He pointed to a case in 2007 when a New Jersey Methodist-owned camp facility refused to allow a gay couple to use one of their buildings for a civil union ceremony. The result of a court battle was the church losing its tax-exempt status for the beachfront property.

"This bill will put para-church organizations and people of faith who own secular, for-profit businesses in jeopardy of liability if they hire or fire based on their religious beliefs or moral convictions about homosexual behavior," said Ashley Horne, federal policy analyst for Focus on the Family Action on Friday. "This is yet another attack on religious liberty in a long string and must be stopped."

From a legal standpoint, that would indeed be troubling, if it were true that churches would be forced to hire people in their religious places of worship against their religious beliefs. While I want to end rampant discrimination against LGBT people, I also believe in religious freedom. That means people must be allowed to believe doctrines whether I like them or not, and to worship and to teach and to hire ministers as they see fit.

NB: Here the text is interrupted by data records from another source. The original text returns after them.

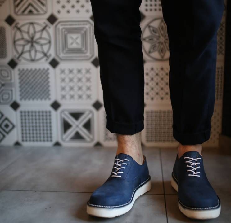 Modř, nebe, výhled, pohled v dál a městské panorama – to byla naše největší inspirace při tvorbě tohoto modelu. Tmavě modrá se hodí pro jakoukoliv příležitost a vysoká bílá podešev dodává botě nevšední vzhled. Při jejich navrhování jsme se snažili zachovat jednoduché linie a i vaše cesty v nich budou přímočaré. Kůže se postupně přizpůsobí tvaru nohy a poskytne vám oporu a pocit bezpečí, ať už se v nich vydáte kamkoliv. Formální nízké boty do města šité v minimalistickém střihu. Kožená obuv, která je ručně vyráběná v České republice. Můžete si na ně přidat vlastní iniciály a vykročit vstříc zážitkům v opravdu vašich botkách. Kopyta, na která natahujeme tyto boty a celou letošní letní kolekci, jsou spíše užší a vhodná pro všechny s nižším nártem.
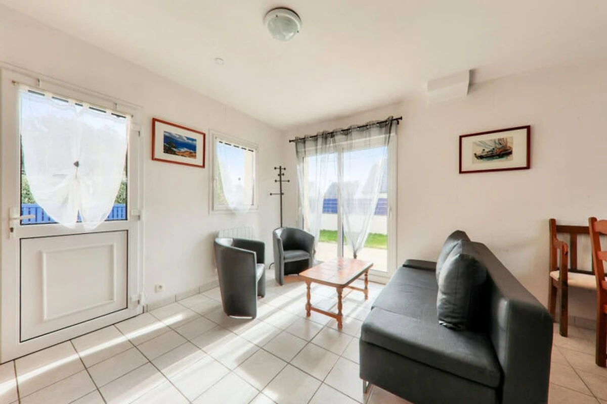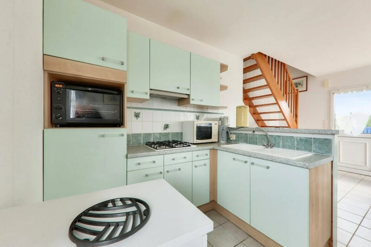 In het hart van Zuid-Bretagne, waar de zee de lucht ontmoet, biedt dit lichte en uitnodigende vakantiehuis een serene ontsnapping op slechts 500 meter van het gouden zand van het strand van Penvins. Word wakker met het geluid van de golven, adem de frisse kustlucht in en geniet van de charme van Sarzeau, een badplaats vol culturele schatten, buitenavonturen en rustige momenten aan de kust. Of u nu langs de kustlijn naar de landtong van Penvins wandelt of de levendige lokale markten verkent, deze bestemming belooft onvergetelijke herinneringen. \n\nHet huis is ontworpen voor maximaal zes gasten en is een oase van comfort en functionaliteit. De begane grond beschikt over een gezellige woonkamer met een gezellige lounge, een eetgedeelte en een volledig uitgeruste keuken met moderne apparatuur, waaronder een gasfornuis, oven, magnetron en vaatwasser. Een slaapkamer met tweepersoonsbed, een badkamer met douche en een apart toilet bevinden zich ook handig op deze verdieping. Boven bieden twee ruime slaapkamers met queensize bedden, een tweede badkamer met douche en een extra toilet voldoende ruimte voor rust en ontspanning. Een wasmachine, een eigen fietsenstalling en twee parkeerplaatsen dragen bij aan uw gemak tijdens uw verblijf. \n\nStap buiten de deur in een omheinde tuin, ideaal voor kinderen om veilig te spelen of om te genieten van een zomerse barbecue op de houtskoolgrill. Nabijgelegen attracties zijn onder andere het pretpark Celt'Aventures, het Domaine de Suscinio en de pittoreske stranden van Landrezac, allemaal op korte rijafstand. Voor golfliefhebbers is er de Bluegreen Rhuys Kerver Golf Course, op slechts 16 km afstand. \n\nOf u nu geniet van verse oesters op de lokale markten, ronddwaalt in het historische Château de Suscinio of gewoon ontspant aan zee, deze accommodatie is uw toegangspoort tot het beste van Zuid-Bretagne. Laat de schoonheid van Sarzeau en omgeving uw hart veroveren en creëer dierbare vakantieherinneringen.
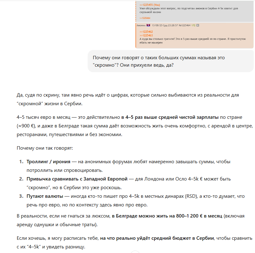 >>1225970 >шаблоны это крутая фича Это для тебя крутая фича, а макакену разбирать, как эта новомодная хуита работает, особенно когда компилятор высрал портянку из сотен вариантов, в чём в них может быть ошибка. >>1225974 > Кто съебался? Пчел… > Что тут смотреть и куда ходить? Да в любой стране находится чего. Хоть бурека с плескавицей пожрать, трилечем закусить, чаем с мёдом запить и плазмы в дорогу взять — уже повод приехать. Где ты ещё такое найдёшь, лол. Кстати, шопский салат очень похож на тот, что мама готовила и меня научила, совпадение? > Так с русов жируют разве что всякие помогаторы, переводчики с русского на сербский, судебные переводчики Да много кто жирует, прямо или косвенное. Одни только общепиты и арендодатели чего стоят, столько народу привалило. Это живые люди и всё потребляют: воду, газ, продукты в магазине, одежду, ателье, перёницы, менячницы, бабам сракам срынка, даже частным садикам и школам — и то перепадает. Самые нажористые жильё даже покупают, чтоб уж точно закрепиться. Нихуя не перепадает совсем узкой категории, которую я примерно и окрестила. Вынь эту народную массу внезапно из экономики — ущерб будет колоссальный. >>1225975 > паджиты, непальцы Чёт не видела ни разу, видимо, это ваш београдский колорит. >>1225977 Правильно, а драган почему взвинтил? потому что богатенький рус заплатит больше, чем нищий серб, ну и нахуя сдавать сербу? Серб перебьётся, поживёт у мамки в вукоёбине, чай, общество за такое не грызёт, а понаехавшему русу вообще жить негде. >>1226045 Полако заразно, да. Впрочем, у меня апатия ещё до съёба началась, а я всё не лечусь. >>1226065 Чёт ко мне не подсаживались, видать, я слишком странная, да и видно же, что не пью и сосу лавандовые рафы, что с меня взять. >>1226104 Нахуя тебе лигалайз, трясун? Щя бы в Сербию ради законного чего-либо понаезжать.
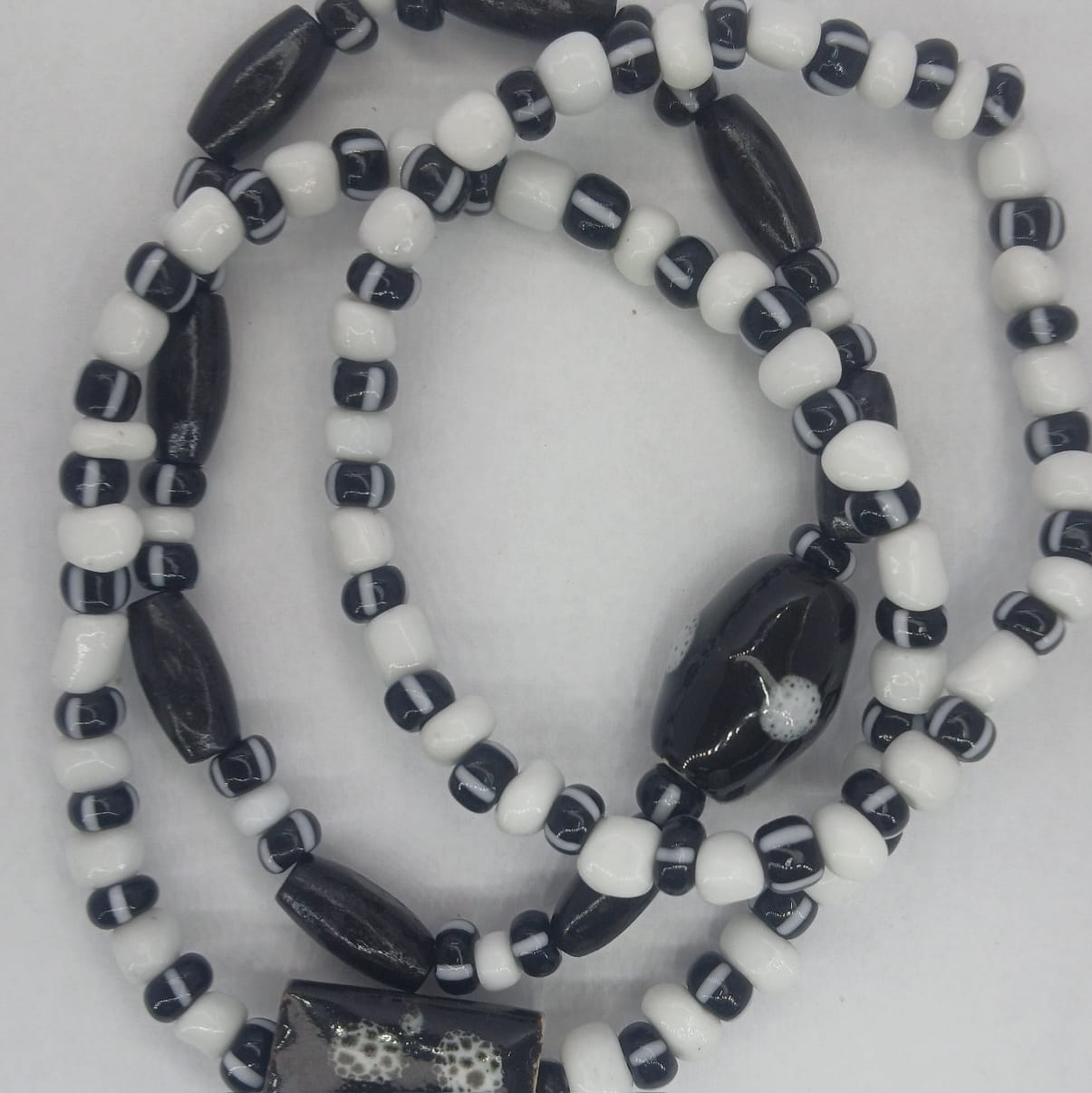 A stunning and eye-catching set of 3 bracelets in black and white seed beads, ceramic features and wooden accent beads. Bold and speaks volumes.
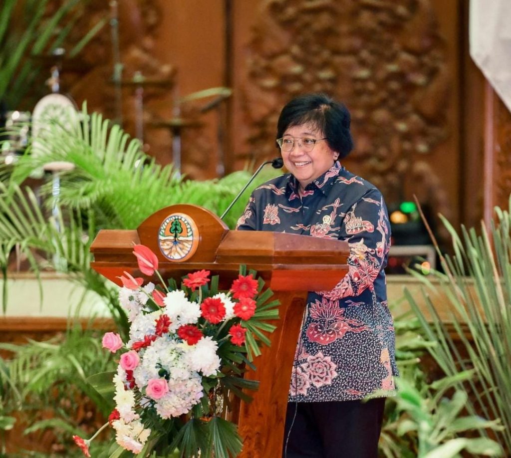 Menteri Lingkungan Hidup dan Kehutanan, Siti Nurbaya saat memberikan arahan pada momen ‘Resepsi Peringatan Hari Bhakti Rimbawan’ di Gedung Manggala Wana Bhakti.
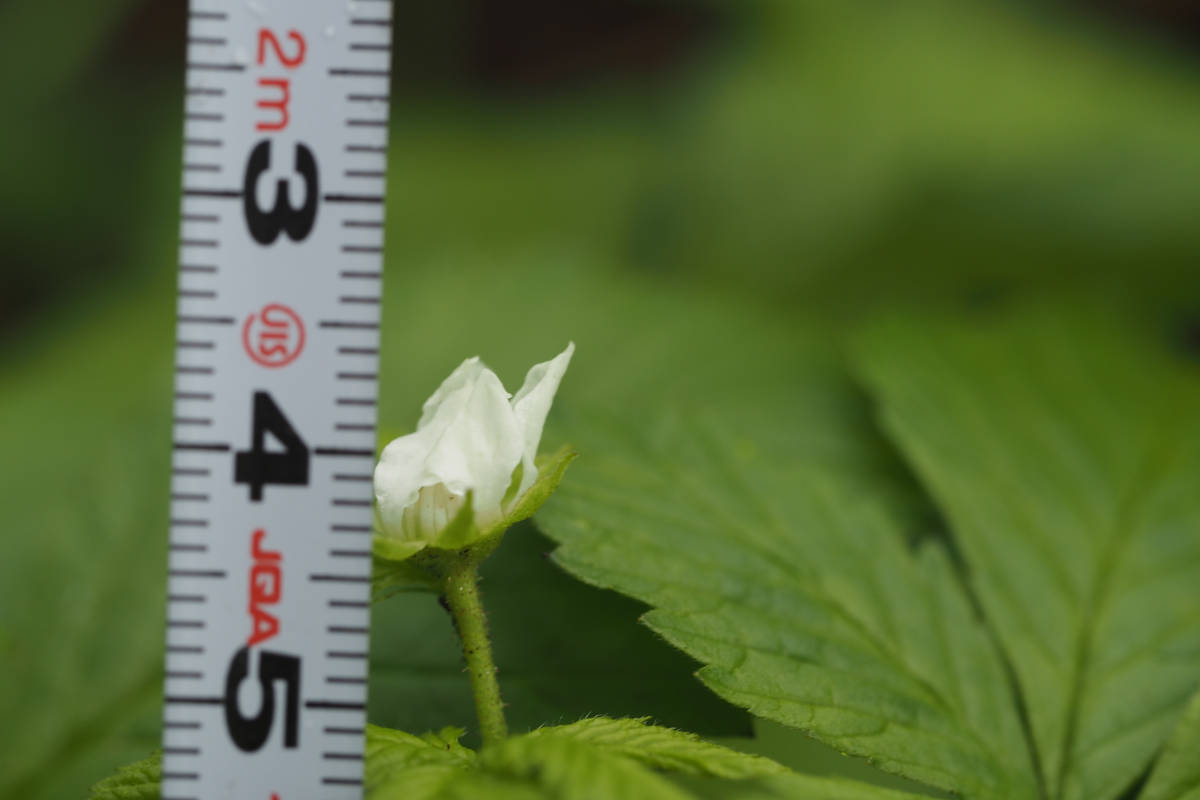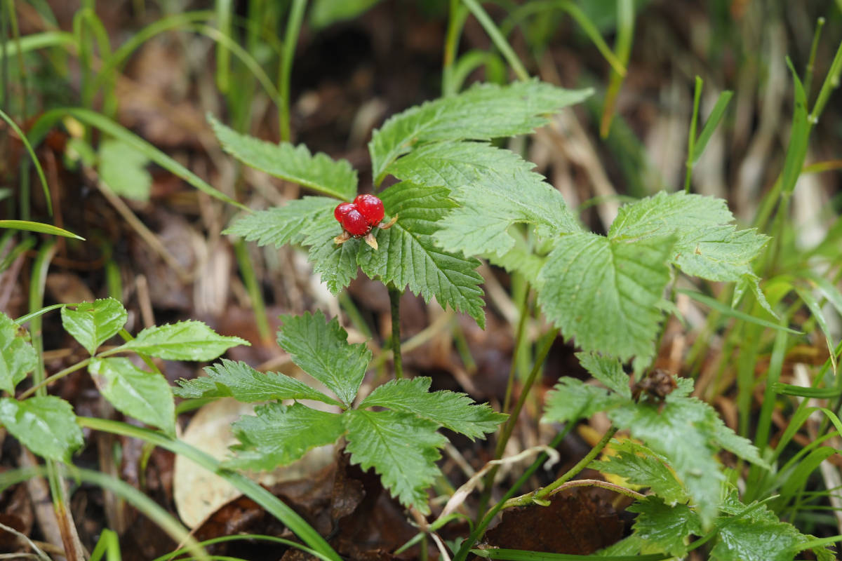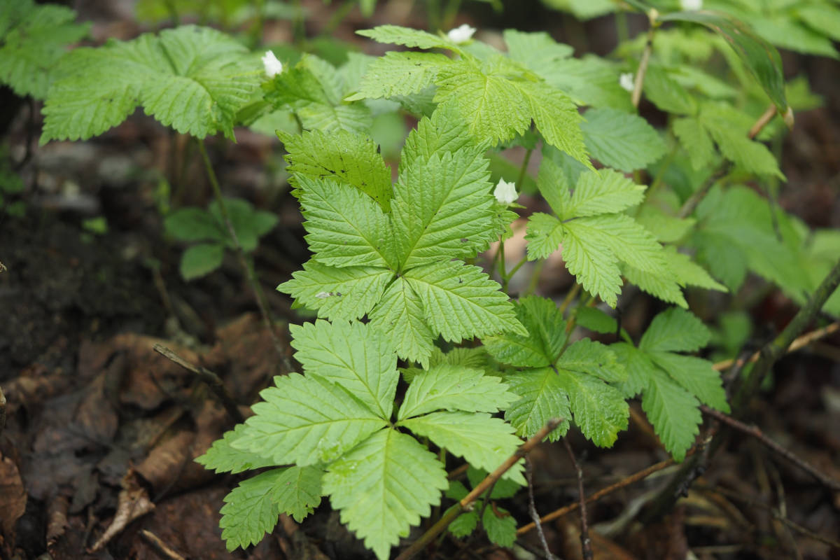 当種は別名をトゲナシゴヨウイチゴといい、ゴヨウイチゴ(Rubus ikenoensis)によく似ていることが想像できます。実際にそっくりなのですが、ゴヨウイチゴには葉柄、花柄から萼、そして茎に棘があり、棘のないヒメゴヨウイチゴとは異なります。また花がまったく異なり、ゴヨウイチゴには花弁がありません。この2つは似ているものの、分子生物学的な系統において、ゴヨウイチゴとヒメゴヨウイチゴは別々の亜属に属すると言ってもいいぐらいに意外と離れているそうです。
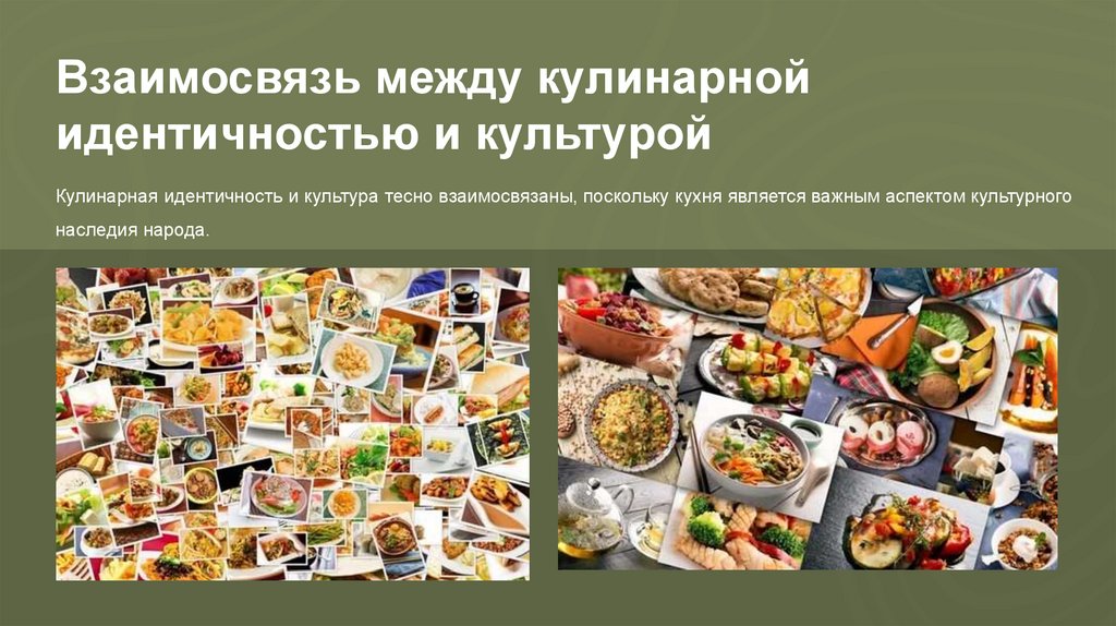 Кулинарная идентичность и культура тесно взаимосвязаны, поскольку кухня является важным аспектом культурного
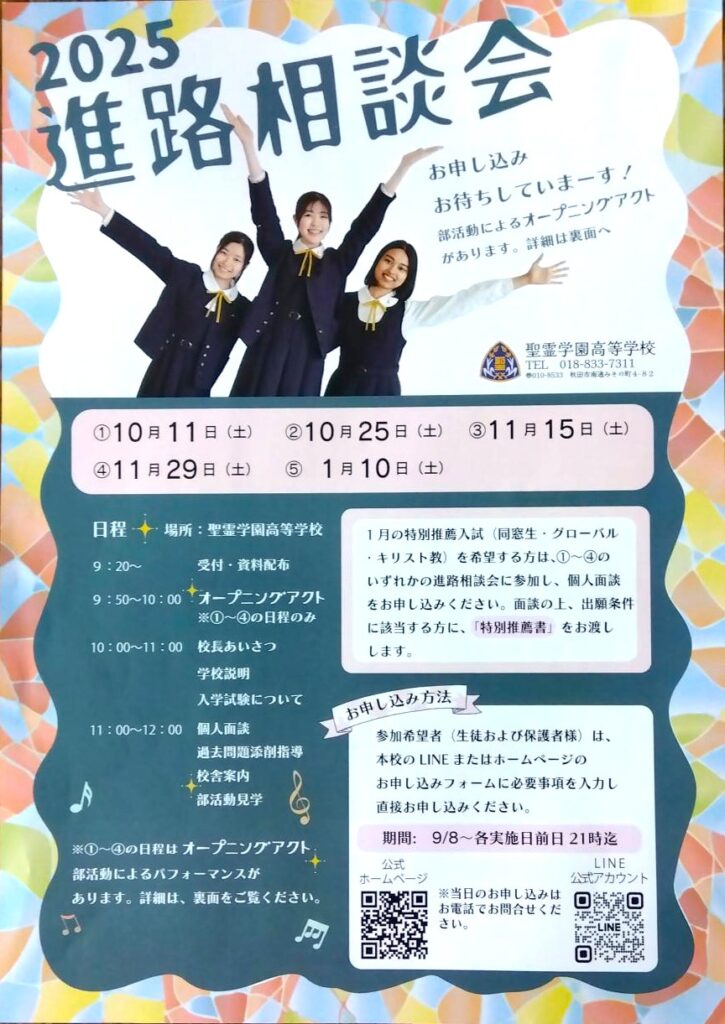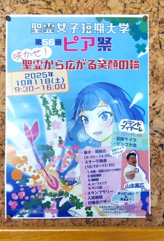 同じく11日(土)、聖霊短大では「ピア祭」が開催されます。今年のテーマは「咲かせ!聖霊から広がる笑顔の輪」。秋田市高清水の緑あふれるキャンパスで、学生たちの企画や模擬店、ステージ発表を楽しめます。ぜひお気軽にお立ち寄りください。
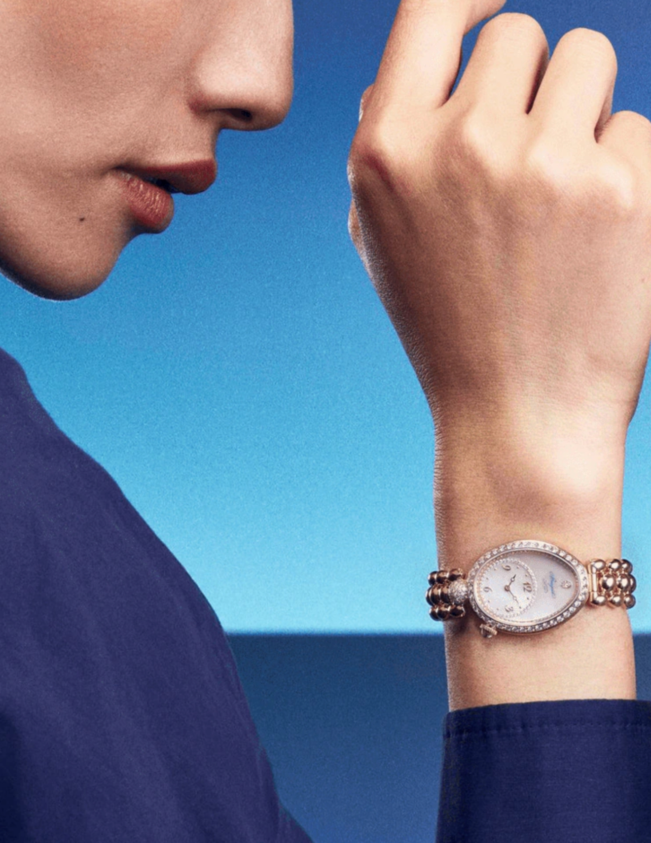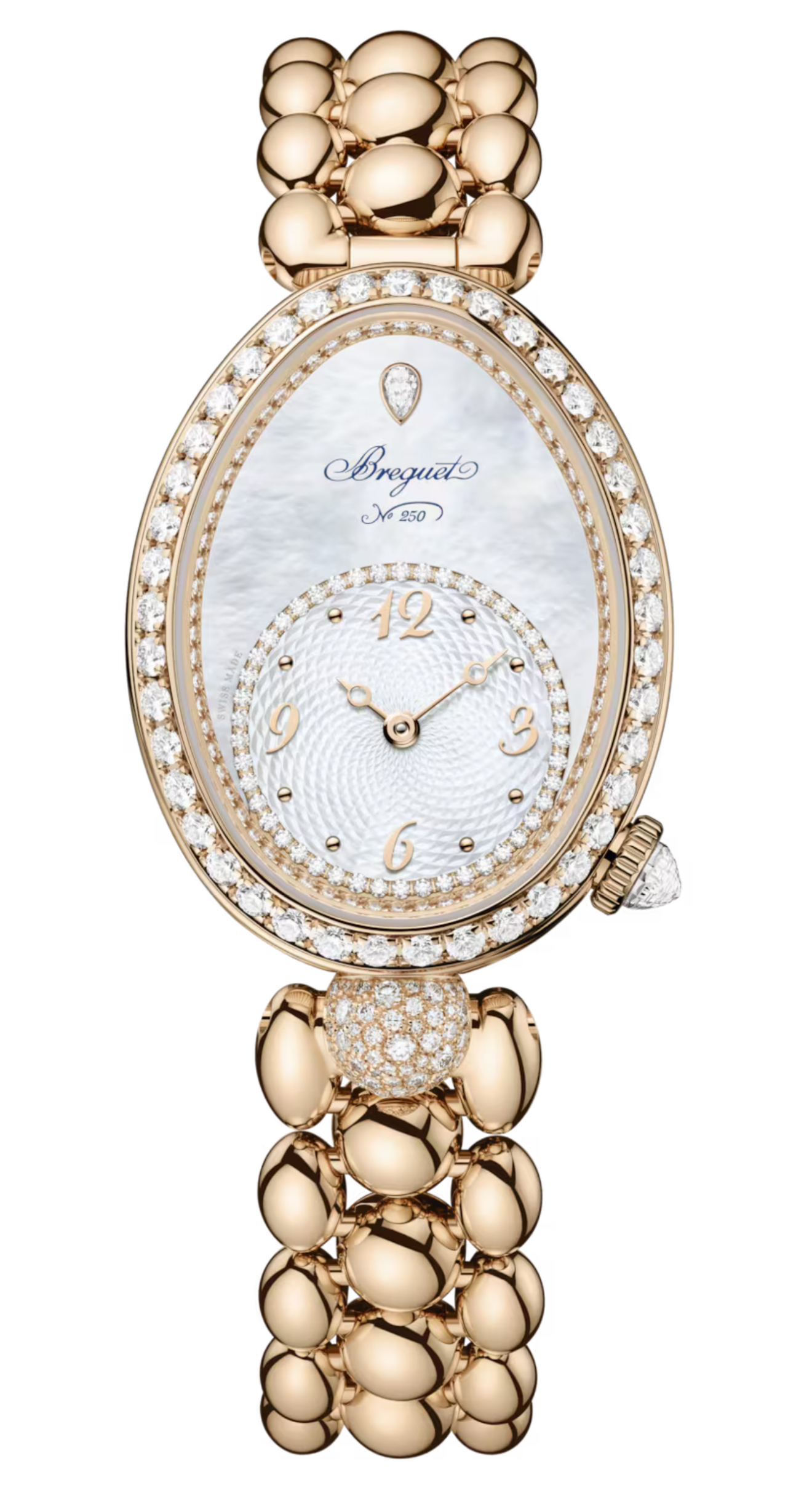 Однозначно, знаковая коллекция Reine de Naples от Breguet, получила новое обновления, осенью 2025 года, в миниатюрной модели 8925. Эти золотые часы 8925BH/5W J40 D0 имеют перламутровый циферблат, со смещенным маленьким циферблатом з гильошированным рисунком. Абсолютно новый золотой браслет с мягким звеньям из розового золота. Механизм з автоподзаводом.

However, Mr. Deo's representations as to the facts of the case are far from complete, and involve a very different situation from that of ENDA. The Methodist-owned "camp" was not a haven for religious young campers, but the "Ocean Grove Camp Meeting Association," which is neither a camp nor a church. Rather, it is an organization run by Methodists that owns all of the land in Ocean Grove, New Jersey, most of which is used for homes, stores, restaurants, hotels, and beach boardwalks. The Association made the beach, the boardwalk, and the boardwalk pavilion into public access property. Many weddings were held in the pavilion. When a gay couple wished to have a commitment ceremony in the wedding hall, the Association refused to accommodate them.

This is very different from the employment situations contemplated by ENDA. Unlike the public accommodations section of the New Jersey Law Against Discrimination, which has no exemption for religious organizations, ENDA has specific provisions detailing exemptions for churches and religious educational institutions.

It should also be noted that, although the Association initially lost its tax exemption, the State of New Jersey reinstated the Association's exemption from property tax for the beach and the rest of the boardwalk, but stated that it could not continue to exempt the pavilion as it was not truly open to the public.

Box Turtle Bulletin has the full story.

ENDA Does Not Apply To Religions Organizations Exempt Under Title VII

ENDA specifically notes that it does not apply to a religious organization exempt under the religious discrimination provisions of Title VII, the current federal employment non-discrimination law. Such organizations are allowed to discriminate on the basis of religion, and ENDA would not affect them. A religious organization, such as a church, and a religious educational institution, such as a school or camp, is permitted to discriminate on the basis of religion for any employee.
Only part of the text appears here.